Biermann has authored, edited or co-edited 19 books and published over 200 articles in peer-reviewed journals and academic books. His h-index as calculated in Google Scholar is 80. The h-index is an author-level metric that measures both the productivity and citation impact of the publications.

Selected books where Biermann was sole author or co-editor include:
- Biermann, Frank, Thomas Hickmann and Carole-Anne Sénit, editors. 2022. The Political Impact of the Sustainable Development Goals. Transforming Governance through Global Goals? Cambridge, UK: Cambridge University Press
- Biermann, Frank, and Rakhyun E. Kim, editors. 2020. Architectures of Earth System Governance. Institutional Complexity and Structural Transformation. Cambridge, UK: Cambridge University Press
- Biermann, Frank, and Eva Lövbrand, editors. 2019. Anthropocene Encounters. New Directions in Green Political Thinking. Cambridge, UK: Cambridge University Press.

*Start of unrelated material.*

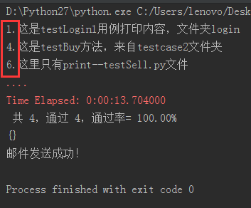 只有1、4、6打印出来了哦,其他的是不会打印的,也就是说你在用例里写的print是不会打印的,这是因为HTMLTestRunner.py规定的。船长试过自己修改过的可以打印用例里面的print了,但是会返回很多None,也就是说说出里面会有好多红色的None。如果你能忍受这些None(没有用),那就用船长修改过的HTMLTestRunner.py文件~~怎么修改船长前面介绍过。

- Kanie, Norichika, and Frank Biermann, editors. 2017. Governing through Goals: Sustainable Development Goals as Governance Innovation. Cambridge, Mass.: MIT Press. 333 pages. Translated into Chinese by Beijing Normal University Press, 2018.
- Biermann, Frank (2014). Earth system governance: world politics in the anthropocene. Cambridge, Massachusetts: The MIT Press. The late Will Steffen, for example, commented on this book as follows: "A particular strength of the book is the integration of the scientific underpinning of the Anthropocene with both analytical and normative approaches to effective governance."